Женское сердце Маши ни на минуту не устояло против этих страстных слов, она улыбнулась.

— А я так думаю, — сказал телеграфист, — у тебя, Федор, геройская натура! Без врагов и без сражений — тебе и жизнь не в жизнь! И каждому делу, каждому чувству ты отдаешься весь целиком, без раздумья! Тебе бы надо жить во времена Стеньки Разина! Ты — человек цельный, из одного куска! Ты даже и не знаешь, что значит иметь трещину в душе. «Через весь мир прошла великая трещина, весь мир расколот пополам, и мое сердце расколото!» — так сказал великий поэт Генрих Гейне.
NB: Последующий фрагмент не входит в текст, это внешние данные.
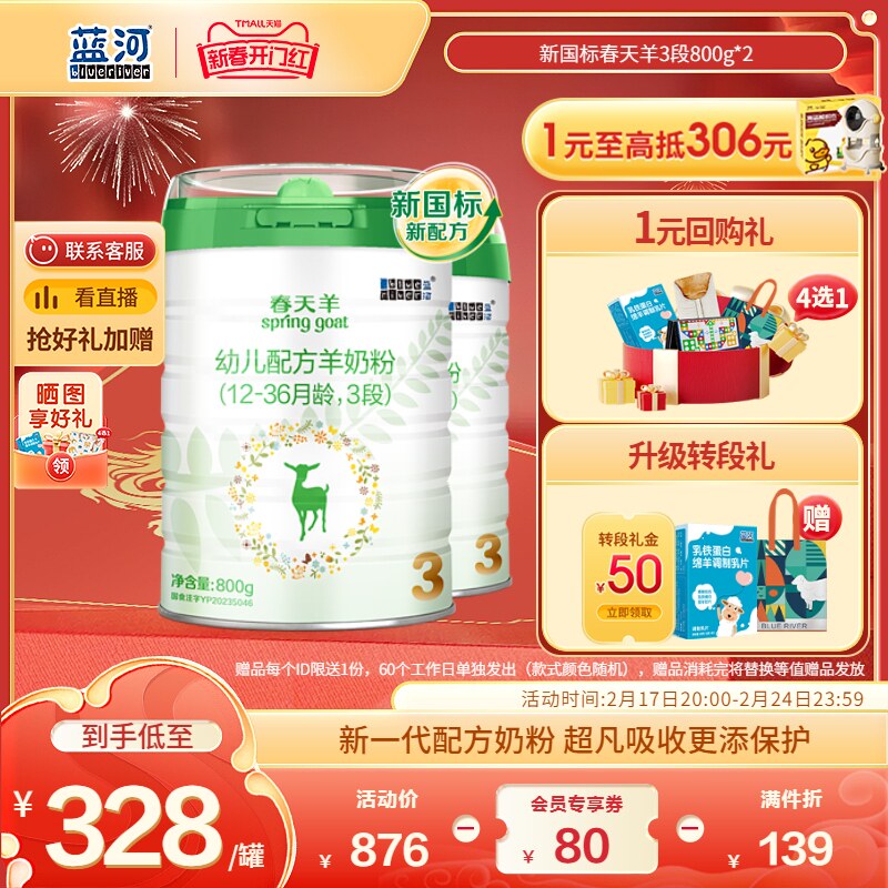 【新国标】蓝河春天羊进口羊奶粉幼儿3段800g*2罐 1-3岁幼儿奶粉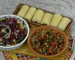 Paraguayan cuisine is the set of dishes and culinary techniques of Paraguay. It has a marked influence of the Guaraní people combined with the Spanish cuisine and other marked influences coming from the immigration received by bordering countries such as Italian cuisine and German cuisine. The city of Asunción is the epicenter of the distinctive gastronomy that extends in current Paraguay and its areas of influence, which is the reason why is considered the mother of the gastronomy of the Río de la Plata.[1] It is worth clarifying that in the Paraguayan society, the exchange of knowledge between mestizos, creoles and cario-guaraní people occurred before the Jesuit missions.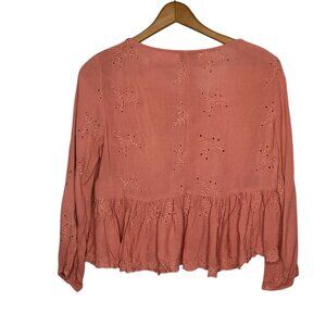 Hollister Small S Orange Eyelet Lace Embroidered Ruffle Peplum Babydoll Crop Top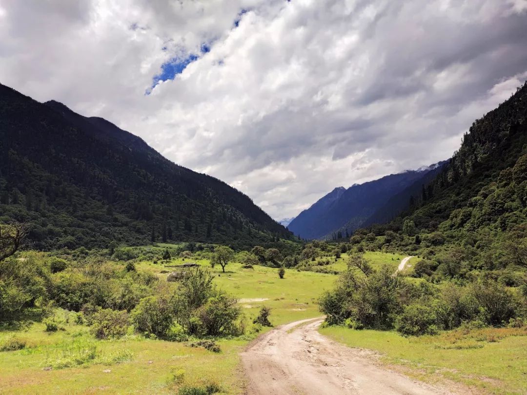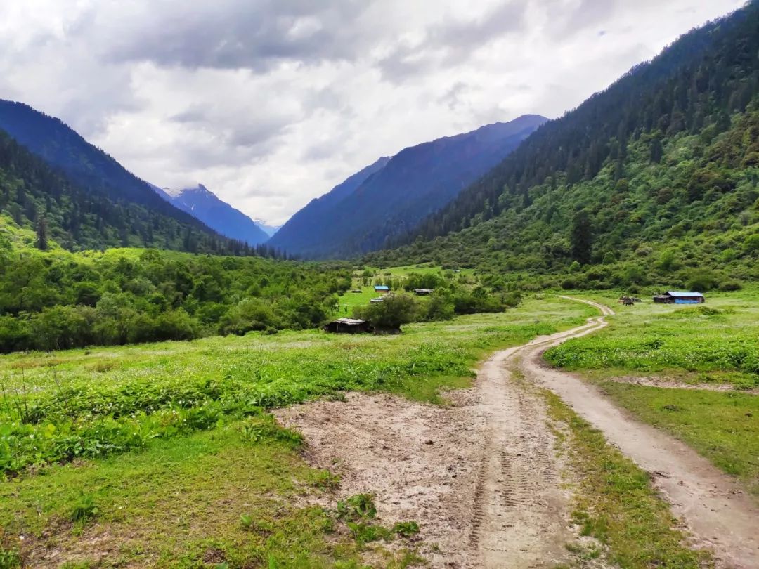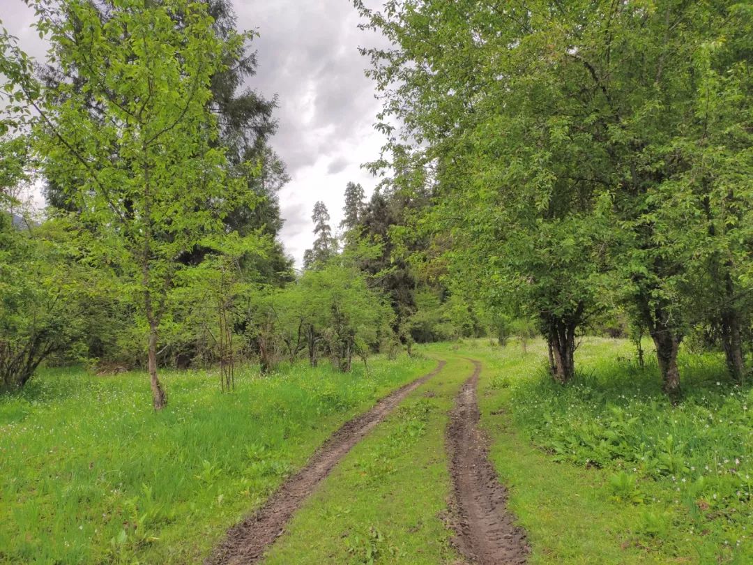 告别了这两个女人后,我穿过了整个村子,开启了此次鲁易线的徒步。眼前这个山谷很开阔,似乎是一个牧场。而机耕路也在我眼前蜿蜒曲折的铺向远方,没有中断没有尽头。此刻大片的乌云也布满了整个天空,我心中暗喜,因为乌云为我遮挡了很多容易晒伤皮肤的紫外线。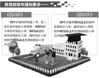 通知明确,2014年,各重点大城市要在义务教育招生入学方面采取切实举措,标本兼治,破解择校难题。到2015年,19个大城市所有县(市、区)实行划片就近入学政策,100%的小学划片就近入学;90%以上的初中实现划片入学;每所划片入学的初中90%以上生源由就近入学方式确定。要逐步减少特长生招生学校和招生比例,到2016年,经省级教育行政部门批准招收特长生的初中学校所招收的特长生比例降到5%以内。没有特长生招生方式的省份不再增设该方式。到2017年,19个大城市95%以上的初中实现划片入学;每所划片入学的初中95%以上的生源由就近入学方式确定。组织考试及与入学挂钩行为得到杜绝,与择校有关的乱收费得到根治。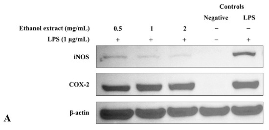 As shown in Figure 5, unstimulated BV2 microglia did not express iNOS and COX-2 (negative controls), whereas overnight LPS stimulation (LPS control) induced the expression of both proteins. Ethanol extract exhibited an opposite effect on the iNOS and COX-2 protein expression in a dose-dependent manner: significantly (p ≤ 0.01) inhibited iNOS expression but enhanced COX-2 expression (Figure 5B,C). In relation to the previous results (Figure 3C,E), the NO inhibitory activity of ethanol extract was achieved by downregulating iNOS protein expression.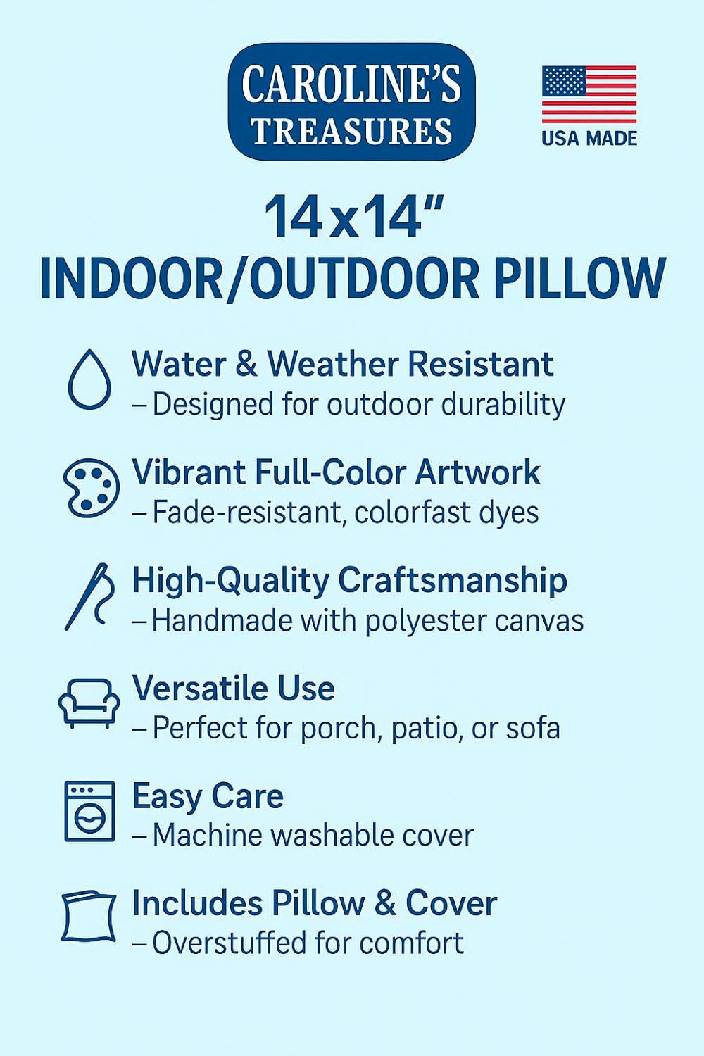 Features. Indoor or Outdoor Pillow from heavyweight canvas material. 100 Polyester Fabric pillow Sham with pillow form. Fade Resistant. Machine washable. Dimension - 14 L x 3 W x 14 H in. Item Weight - .65 lbs.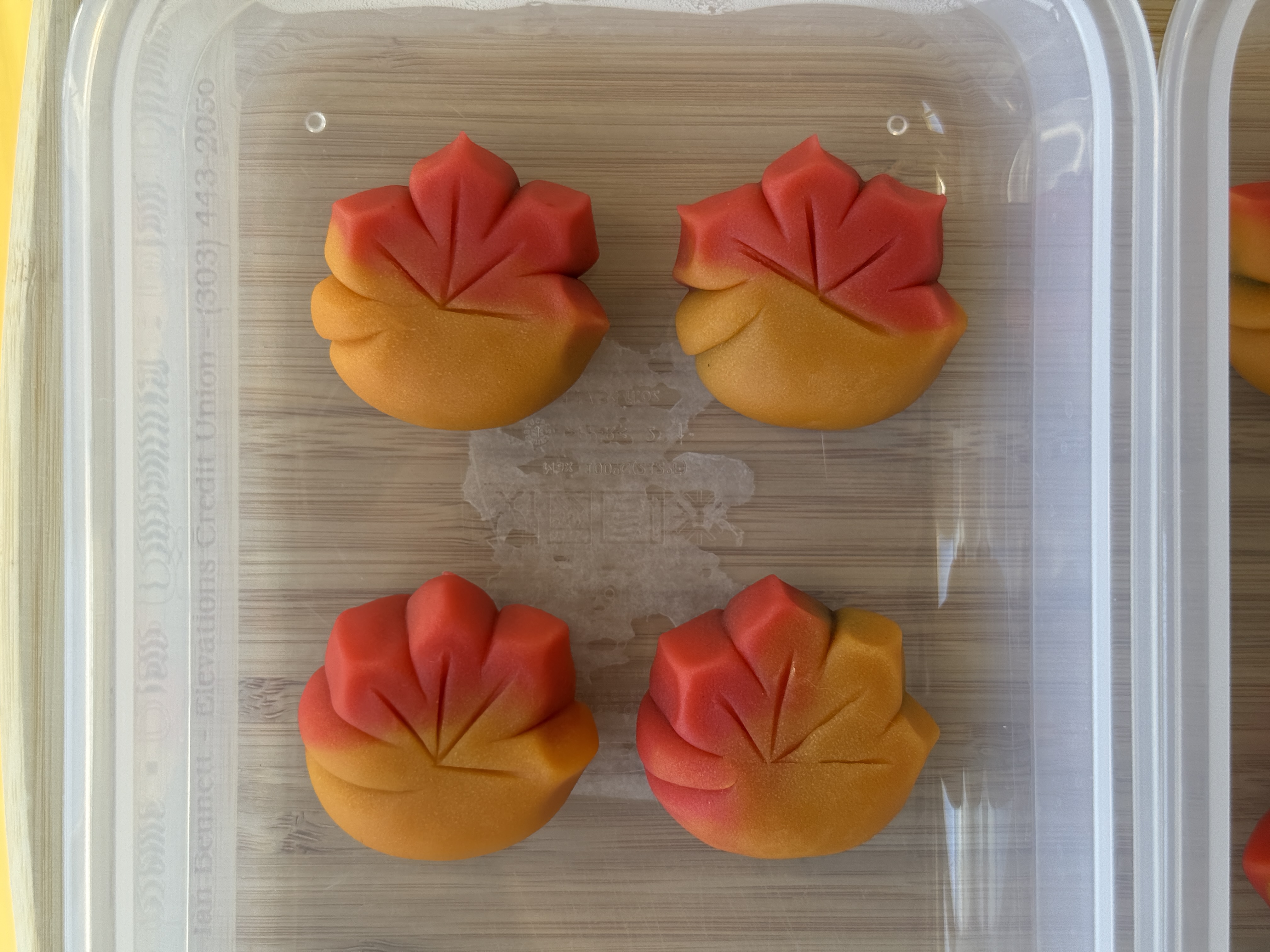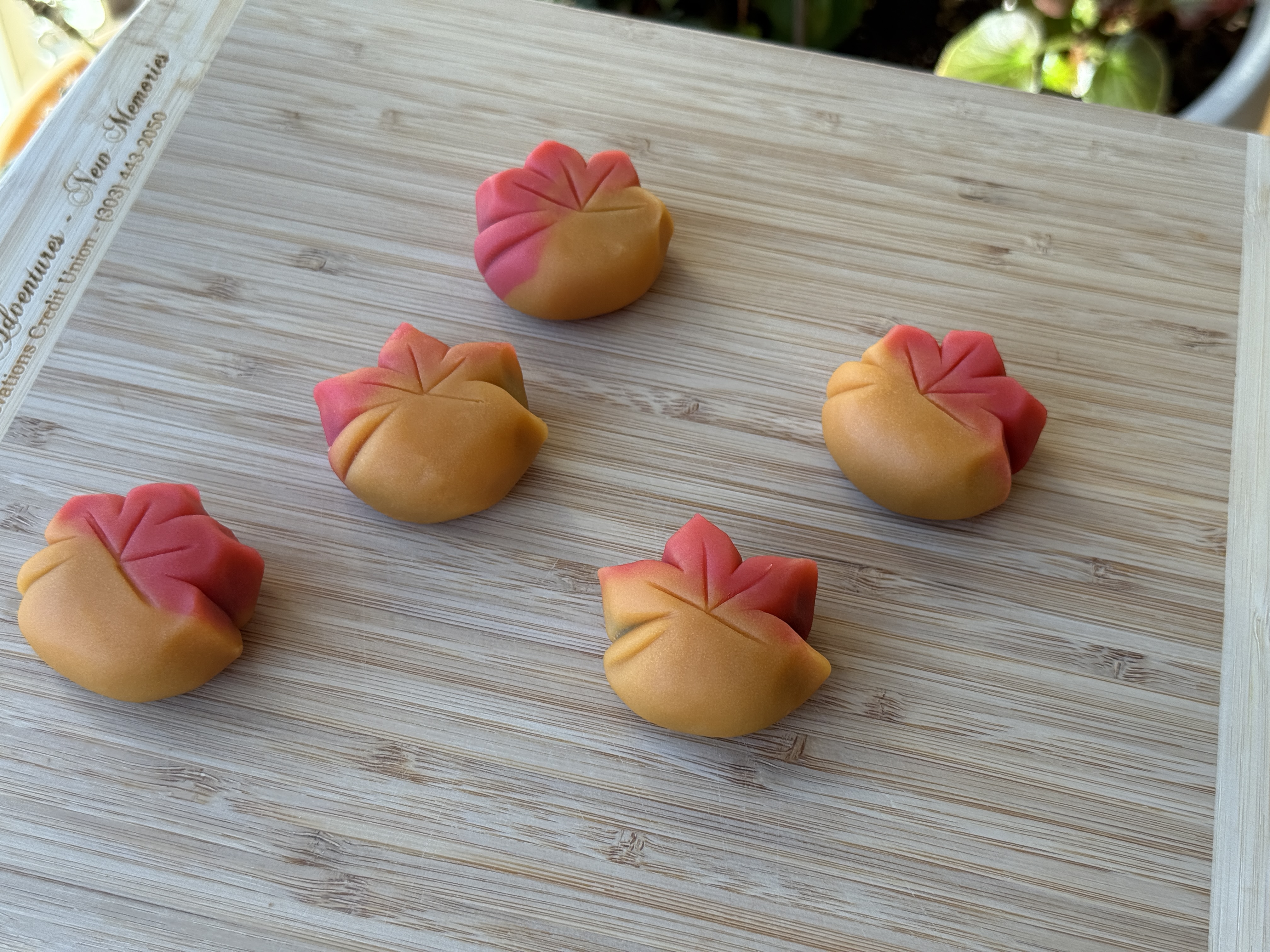 Konashi started to dry as we worked with it, then by the time we got to making the veins, the konashi tore instead of cleanly indenting. Putting it back under a damp paper towel for a bit helped.

— Ну, уж и герой! — язвил слесарь.

— Будьте перпендикулярны, выслушайте меня, — продолжал телеграфист, вставая и чокаясь. — Ты, Федор, человек без трещины в душе, созданный из всего здорового, ты стоишь на здоровой, твердой почве, а я, человек с расколотым сердцем, говорю тебе: валяй, не робь! Не позволяй наступать себе на горло! Не корись никому! Плюнь в морду твоим купцам! Вот! За твое здоровье! Будемте перпендикулярны, господа!